■ **Task requirements**
An exact, picture-free copy of the listing is required.

■ **Given data**
● ● ● ●

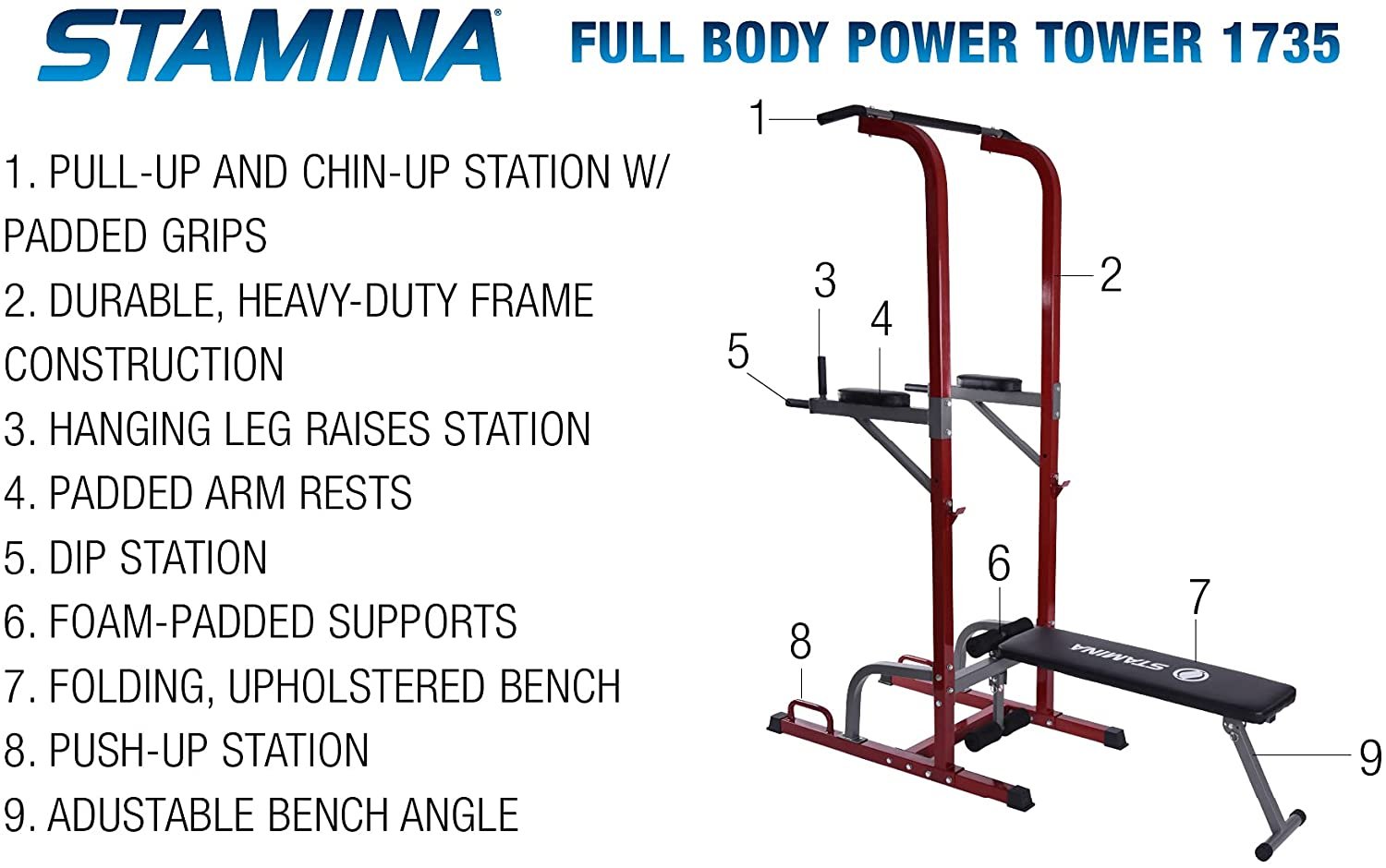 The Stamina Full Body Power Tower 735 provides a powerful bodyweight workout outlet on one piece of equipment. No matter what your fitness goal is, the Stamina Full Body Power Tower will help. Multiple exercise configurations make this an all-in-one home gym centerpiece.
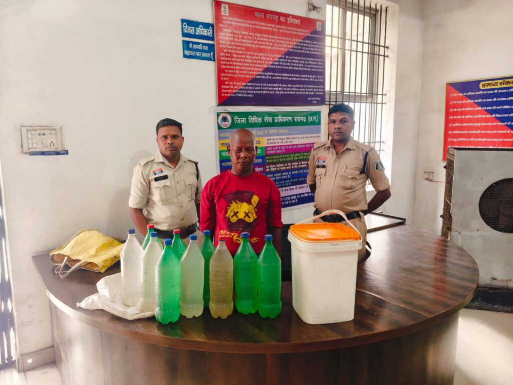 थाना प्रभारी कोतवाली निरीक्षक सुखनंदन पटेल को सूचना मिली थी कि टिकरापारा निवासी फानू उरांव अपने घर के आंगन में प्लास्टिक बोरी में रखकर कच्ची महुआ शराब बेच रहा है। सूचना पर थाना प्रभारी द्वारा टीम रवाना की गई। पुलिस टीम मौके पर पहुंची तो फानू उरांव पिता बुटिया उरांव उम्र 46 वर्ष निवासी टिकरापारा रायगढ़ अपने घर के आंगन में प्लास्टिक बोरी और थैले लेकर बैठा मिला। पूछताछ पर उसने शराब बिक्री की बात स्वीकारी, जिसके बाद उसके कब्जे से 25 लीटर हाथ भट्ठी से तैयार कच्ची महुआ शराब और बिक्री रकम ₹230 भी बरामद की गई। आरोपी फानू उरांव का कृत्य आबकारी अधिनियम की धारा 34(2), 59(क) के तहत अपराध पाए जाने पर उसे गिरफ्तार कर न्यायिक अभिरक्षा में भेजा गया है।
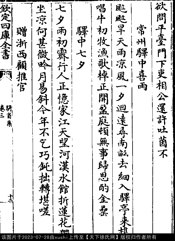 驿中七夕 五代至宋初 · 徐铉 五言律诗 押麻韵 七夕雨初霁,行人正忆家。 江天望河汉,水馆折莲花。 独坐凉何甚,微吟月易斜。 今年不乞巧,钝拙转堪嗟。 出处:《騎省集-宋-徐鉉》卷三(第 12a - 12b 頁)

● ● ● ●

■ **Completed exercise**
 The Stamina Full Body Power Tower 735 provides a powerful bodyweight workout outlet on one piece of equipment. No matter what your fitness goal is, the Stamina Full Body Power Tower will help. Multiple exercise configurations make this an all-in-one home gym centerpiece.
 थाना प्रभारी कोतवाली निरीक्षक सुखनंदन पटेल को सूचना मिली थी कि टिकरापारा निवासी फानू उरांव अपने घर के आंगन में प्लास्टिक बोरी में रखकर कच्ची महुआ शराब बेच रहा है। सूचना पर थाना प्रभारी द्वारा टीम रवाना की गई। पुलिस टीम मौके पर पहुंची तो फानू उरांव पिता बुटिया उरांव उम्र 46 वर्ष निवासी टिकरापारा रायगढ़ अपने घर के आंगन में प्लास्टिक बोरी और थैले लेकर बैठा मिला। पूछताछ पर उसने शराब बिक्री की बात स्वीकारी, जिसके बाद उसके कब्जे से 25 लीटर हाथ भट्ठी से तैयार कच्ची महुआ शराब और बिक्री रकम ₹230 भी बरामद की गई। आरोपी फानू उरांव का कृत्य आबकारी अधिनियम की धारा 34(2), 59(क) के तहत अपराध पाए जाने पर उसे गिरफ्तार कर न्यायिक अभिरक्षा में भेजा गया है।
 驿中七夕 五代至宋初 · 徐铉 五言律诗 押麻韵 七夕雨初霁,行人正忆家。 江天望河汉,水馆折莲花。 独坐凉何甚,微吟月易斜。 今年不乞巧,钝拙转堪嗟。 出处:《騎省集-宋-徐鉉》卷三(第 12a - 12b 頁)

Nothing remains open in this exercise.